Lastly, your end users need to know what yo do when error occurs. They want to know what happened and, more importantly, what they should do to fix it.

So, proper error handling is key. You sure don't want your product to be
featured in the Daily WTF error'd series, do you?

Part One: Various Error Handling Techniques

Note: This section is mostly theoretical. If you want more concrete stuff, feel free to skip directly to part 2.

In Bash

When you are using bash, you usually run several extern commands, for instance:

cd project
git pull
pylint project
pytest

Each of these commands has a return code that you can access with a special variable called $?.

The return code is 0 when the command succeeds, and can take many other values when something goes wrong. As Tolstoy said:

Happy families are all alike; every unhappy family is unhappy in its own way.

For instance, pytest as 6 different possible return codes:

0 when all the tests passed
1 when tests were collected and run but some of the tests failed
2 when test execution was interrupted by the user
and more ¹

There are two problems with this approach:

You have to check the return code all the time, otherwise the code will continue executing, ignoring previous errors. (You can fix this by calling set -e at the top of the script, though)
When something fails, the only information you have is a number. (And maybe the output, depending on how the script is written)

In C

When you write in C, you are supposed to check the returned value of every function you call.

Sometimes, it's an integer.
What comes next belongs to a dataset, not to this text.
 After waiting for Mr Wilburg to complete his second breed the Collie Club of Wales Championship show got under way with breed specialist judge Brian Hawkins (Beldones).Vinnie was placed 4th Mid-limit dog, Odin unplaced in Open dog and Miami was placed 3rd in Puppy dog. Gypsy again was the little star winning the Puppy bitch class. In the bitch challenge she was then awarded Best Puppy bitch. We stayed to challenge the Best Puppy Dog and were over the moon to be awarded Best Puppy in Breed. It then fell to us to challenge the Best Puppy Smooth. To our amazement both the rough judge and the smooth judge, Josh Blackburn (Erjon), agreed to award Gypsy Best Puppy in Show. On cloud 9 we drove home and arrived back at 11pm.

For instance:

int size = ...;
FILE* fp = ...;
char buff[size];
int n = fread(buff, size, 1, fp);
if (n < size) {
  // Handle "short read"
}

Other times, you are getting a null pointer, and you have to check a special variable called errno:

FILE* fp = fopen("foo.cfg", "r");
if (!fp) {
  if (errno == ENOENT) {
    fprintf(stderr, "Could not find foo.cfg\n");
  }
}

Here, you don't even have an error message anywhere, all you get in a number. (ENOENT is just a #define ENOENT 2)
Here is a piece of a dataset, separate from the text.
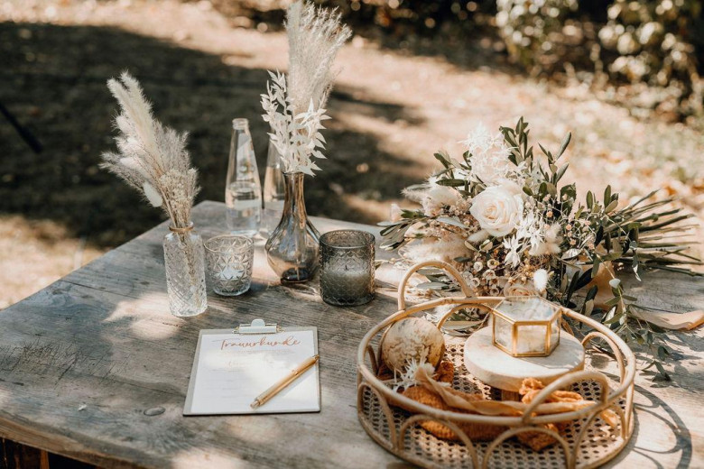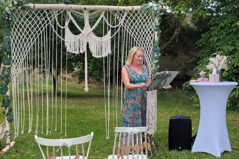 vielen lieben Dank für unsere wunderschöne Hochzeitszeremonie.Schon bei den Vorbereitungen haben wir uns sehr wohl gefühlt und das, obwohl wir unser Gespräch aufgrund der Distanz und kurzfristigen Anfrage nur via Videocall durchführen konnten. Mit geschickten und gezielten Nachfragen hast Du uns so manche Anekdote entlockt und uns zum Nachdenken gebracht, was wir aneinander lieben und wofür wir stehen. Durch Deine herzliche, liebenswürdige, kreative und souveräne Art hast Du zu unserer Hochzeit einen wunderbaren Beitrag geleistet! Uns, und auch unseren Gästen hat es sehr gut gefallen. Das Feedback war durchgehend positiv.

Note: There's tool called errno in moreutils that can help you if for some reason all you want to convert the value of errno to a human-readable message.

All of this means you have to carefully check the return code of all the functions you called.

If you're using gcc, you can trigger a warning when the caller does not check the returned value like so:

/* in foo.h */
int foo() __attribute__((warn_unused_result));

/* in foo.c */
{
  foo();  // triggers a warning
}

but then people can ignore the warning …

In Go

In Go, functions can return several values.

Functions that may fail are supposed to return a Error object along the result, like so:

file, err := os.Open("foo.cfg")
if err != nil {
  ...
}
// Do something with file

Contrary to C it's harder to ignore the return value.

You can use something like:

file, _ := os.Open("foo.cfg");

but there are linters which will forbid you to do that.

Unlike C, you can add all sorts of metada to your error.

All you need is to declare a custom struct and implement an Error method:

type InvalidConfigError struct {
    Path string;
    Details string
}

func (e *InvalidConfig) Error() string {
    return fmt.Sprintf("%s: %s", e.Path, e.Details)
}

func readConf() (Config, error) {
  // ...
  file, errOpen := os.Open("foo.cfg");
  if errOpen := nill {
    return nil, &InvalidConfigError{"foo", "could not open file"};
  }

  parsed, errParse := parseYaml(file);
  if errParse != nill {
    return nil, &InvalidConfigError{"foo", "invalid YAML syntax"};
  }

  return parsed, nil;
}

Using it is a bit painful though, because you have to try and convert it:

func main() {
    config, err := readConf();
    if err != nil {
        invalidConfig, ok := err.(*InvalidConfig)
        // ok will be false if conversion fails
        if ok {
            fmt.Printf("%s:%s", invalidConfig.Path, invalidConfig.Details);
        }
    }
    // Do someting with config ...
}

In Java

In Java you use exceptions instead, with the throw and catch keywords.

Like Go, you can create your own type of exceptions.

But there are two key differences:

In a catch block you can specify what kind of errors you wish to handle. For instance catch (FooException) will catch all exceptions that are an instance of the FooException class (maybe via inheritance)
They also came with a backtrace, which lists all the functions that were called when the exception occurred.

There's a catch, though. Let's look at this example:

public class Foo {

    public static void readConf() {
        FileInputStream fs = new FileInputStream("foo.cfg");
    }

    public static void main() {
      readConf();
      ....
    }
}

If you try to compile that, you'll get an error:

Foo.java:5: error: unreported exception FileNotFoundException;
must be caught or declared to be thrown
  FileInputStream fs = new FileInputStream("foo.cfg");

Java is telling you that you can choose to either:

Deal with the error right now
Or let the caller do it.

If no-one catches the exception in the chain of callers, the exception is called "uncaught" and the whole program terminates after printing the backtrace.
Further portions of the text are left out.